Mandelli também cita a fabricação de cimento, a produção de aço e metais e a fabricação de amônia e metanol entre as atividades que exigem intensificação da captura de carbono. Nestes casos, a captação na fonte normalmente é escolhida no momento da combustão durante o funcionamento das turbinas.
“Muitos sistemas utilizam soluções químicas, geralmente contendo as aminas citadas acima, que reagem com o CO2”, relata o professor da UFABC. “Os gases de exaustão passam por uma torre de absorção, onde o CO2 é capturado em solução.”
Embora o método direto tenha uma eficiência considerável, os especialistas reconhecem que a captura atmosférica é uma solução complementar com vantagens próprias. “Muitos dos grandes emissores não conseguem fazer captura direta, como transportes (aviação, carros, caminhões). Se tivermos tecnologia para capturar CO2 diretamente do ar, fica mais fácil montar unidades em qualquer lugar”, diz Esteves , da UFRJ.
A liberação do carbono contido nas soluções químicas tradicionais requer mais energia para aquecer a mistura, por se tratarem de materiais aquosos. Apesar do potencial, os autores pretendem aumentar o número de ciclos apoiados e a quantidade de material produzido numa escala mais significativa. Outro desafio será a utilização de todas as aminas da estrutura no processo, o que pode melhorar a eficiência do COF em até oito vezes.
Para Mandelli, estudar formas de implementação de COFs em plantas industriais para captura direta é outra forma possível de abordar o problema. Ele insiste que é igualmente crítico reduzir as emissões através da utilização de fontes de energia renováveis.

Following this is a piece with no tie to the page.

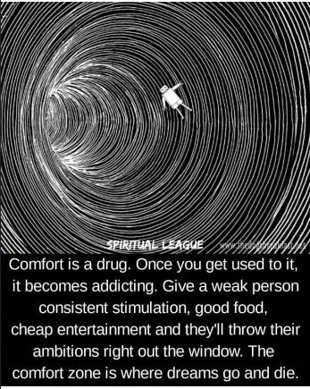 Quote: Comfort is a drug. Once you get use to it, it becomes….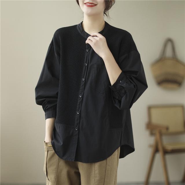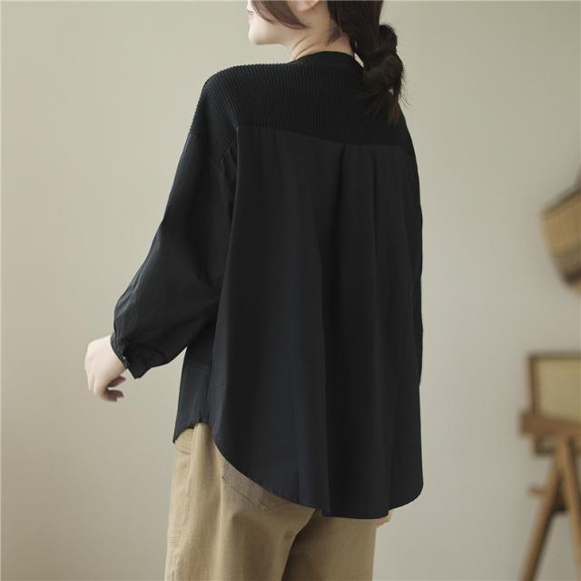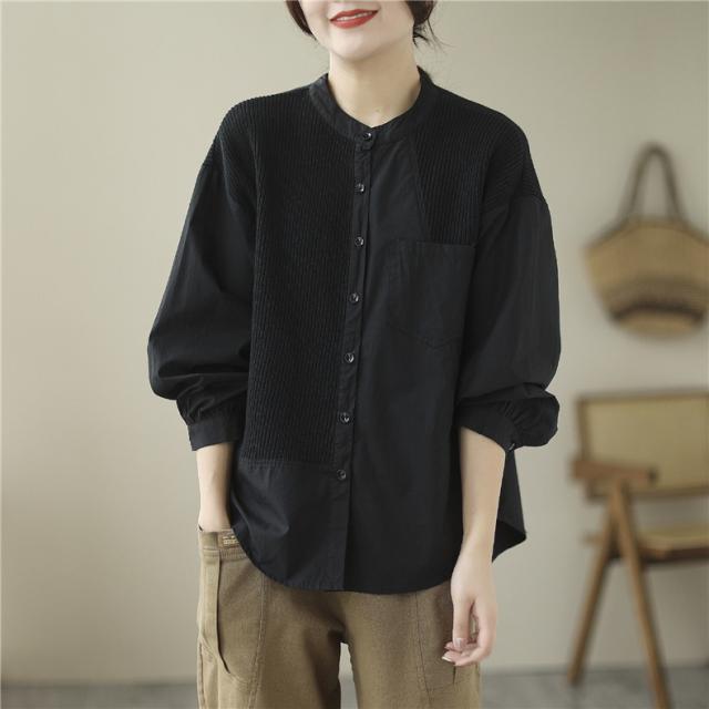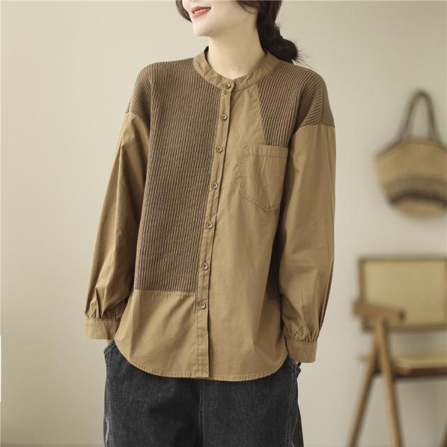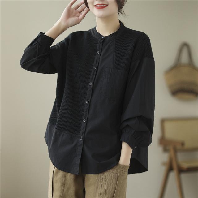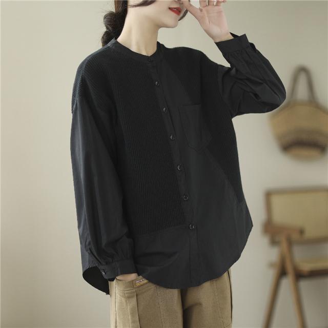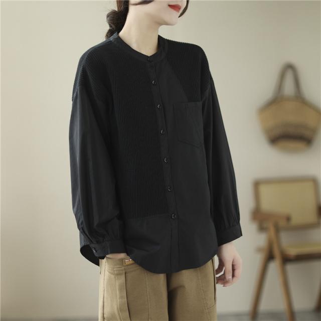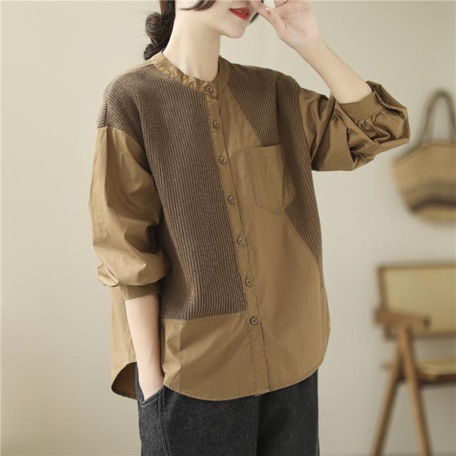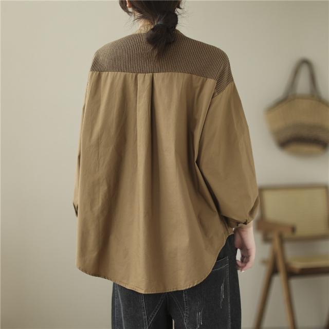 春ブラウス ニット 切り替え レディース 30代40代50代 異素材 無地 トップス 大きいサイズ シンプル 着痩せ ゆったりシルエット

Ele destaca o exemplo da matriz energética brasileira na comparação com outros países.
“Atualmente, 46% da oferta interna de energia do país vem de fontes renováveis, quase quatro vezes a média mundial, que é de 12%. No setor elétrico, essa proporção é ainda mais impressionante: 83% da energia elétrica gerada no Brasil vem de fontes renováveis, enquanto a média global é de apenas 25%”, ilustra o cientista da UFABC.

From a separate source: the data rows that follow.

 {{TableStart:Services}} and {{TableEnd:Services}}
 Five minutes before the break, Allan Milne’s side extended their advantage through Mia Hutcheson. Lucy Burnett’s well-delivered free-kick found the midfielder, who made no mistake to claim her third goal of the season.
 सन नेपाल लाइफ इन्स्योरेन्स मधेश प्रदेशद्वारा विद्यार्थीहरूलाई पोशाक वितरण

Pierre Esteves, pós-doutorado em química de hidrocarbonetos, pesquisador e professor da Universidade Federal do Rio de Janeiro (UFRJ), afirma que o tema é objeto de estudo constante e um desafio a ser superado. “Aqui no Rio conseguimos fabricar esse tipo de material em maior escala. Outro desafio é integrar ou transformar esses COFs, geralmente na forma de pós finos, membranas filtrantes ou pellets. a solução tecnológica e ainda está em andamento estudo em alguns lugares do mundo e na UFRJ.” (KS)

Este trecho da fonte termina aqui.